Twitter. “È un incidente di percorso. Ci capitiamo più o meno per caso e non lo capiamo”. Secondo Andrew Watts su Twitter ci sono tre categorie di adolescenti: quelli che si lamentano, quelli che sperano passi di lì un datore di lavoro, quelli che leggono qualcosa e, se del caso, retwittano. Pare di capire che l’unica leva di interesse riguardi il fatto che i genitori stanno generalmente alla larga dall’uccellino.
Snapchat
Snapchat. Sta diventando rapidamente la rete social più utilizzata da giovanissimi. Il motivo? Su Snapchat si può essere veramente sé stessi, senza bisogno di preoccuparsi dei “mi piace” e dei commenti altrui. “It’s the real you”, chiosa Andrew Watts.
Tumblr
Tumblr. “È come una società segreta di cui tutti fanno parte, ma nessuno ne parla”. Tumblr è una “judgment-free zone” dove effettivamente si può essere ciò che si vuole essere. Un aspetto da non sottovalutare riguarda la facilità con cui si può cambiare l’URL “se qualcuno ti trova”, sempre in ottica “fuga dal genitore curiosone”. Non è esattamente un luogo di “socializzazione”, almeno come lo intendono gli altri social media, piuttosto è una piazza virtuale dove condividere interessi simili.
Yik Yak
Yik Yak. Due elementi di forza: l’instant messaging anonimo e la geolocalizzazione. Per lo studente americano questa app social ha qualche motivo di interesse solo per i contatti all’interno del college o, comunque, entro una copertura geografica molto ristretta (Yik Yak include solo le relazioni che avvengono nel raggio di 10 miglia).
Medium
Medium. Andrew Watts è convinto che molti suoi coetanei desiderosi di “farsi qualcosa di proprio” cominceranno proprio da qui. Medium, per dirla con lo studente americano, è qualcosa di più di un blog.

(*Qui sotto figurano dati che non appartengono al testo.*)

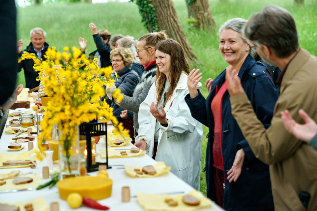 “Iført pludderbukser blev vi selv en slags arbejdsbier, der efter at blive tunet ind med en summende halmbikube over hovedet fik udstukket forskellige bijobs og lærte noget om sværmintelligens. Sjovt at blive sendt ud som spejderbier med kæmpe lup som insektøje på jagt efter blomster at suge nektar fra. Ligesom bierne danser for at signalere til flokken, hvor der er fristende blomster, skulle vi danse en svansedans som signal til den store banketfinale omkring et langt bord.”
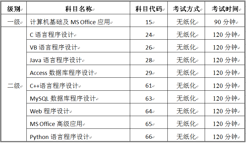 2018年下半年全国计算机等级考试开考科目(必一手机登录入口考点)

Anzi, funzioni come Consiglia e Segui lo trasformano in una vera e propria community e, in ogni caso, è molto più friendly di piattaforme come WordPress.
Il resto del mondo
Il resto del mondo per Andrew Watts comprende: LinkedIn (“Dovevamo averlo”), Pinterest (“Adatto a un pubblico femminile e agli hipster”), WhatsApp (“Utile soprattutto se studi all’estero, ma poi torni su Facebook Messenger”, da noi pare invece che gli adolescenti siano molto più affezionati alla doppia spunta rispetto ai pari età americani), YouTube (“C’è tutto, dalle cose divertenti a quelle utili. Se ti piace internet non lo puoi ignorare”), Ello (“Grande interesse iniziale, ma poi ho capito che lì non c’era niente di interessante per me”, non ricorda Diaspora?), Reddit e Vine (“Più per consumare contenuti, che per produrli”).
Google Plus
Google Plus merita un discorso a parte. “Non conosco nessuno dei miei coetanei che lo usa attivamente, è difficile e faticoso categorizzare ogni persona nelle diverse cerchie”. È una dissertazione che dovrebbe fare riflettere i progettisti di BigG e a questo scopo Andrew Watts azzarda anche qualche suggerimento del tutto pertinente: “Sarebbe fantastico vedere Google integrare Drive, chattare attraverso gli Hangouts, relazionarsi con le varie communties in modo che i team vedano in Google Plus uno strumento all-in-one che possono utilizzare per collaborare”. “I am hopeful for the future of the network”, è l’auspicio conclusivo.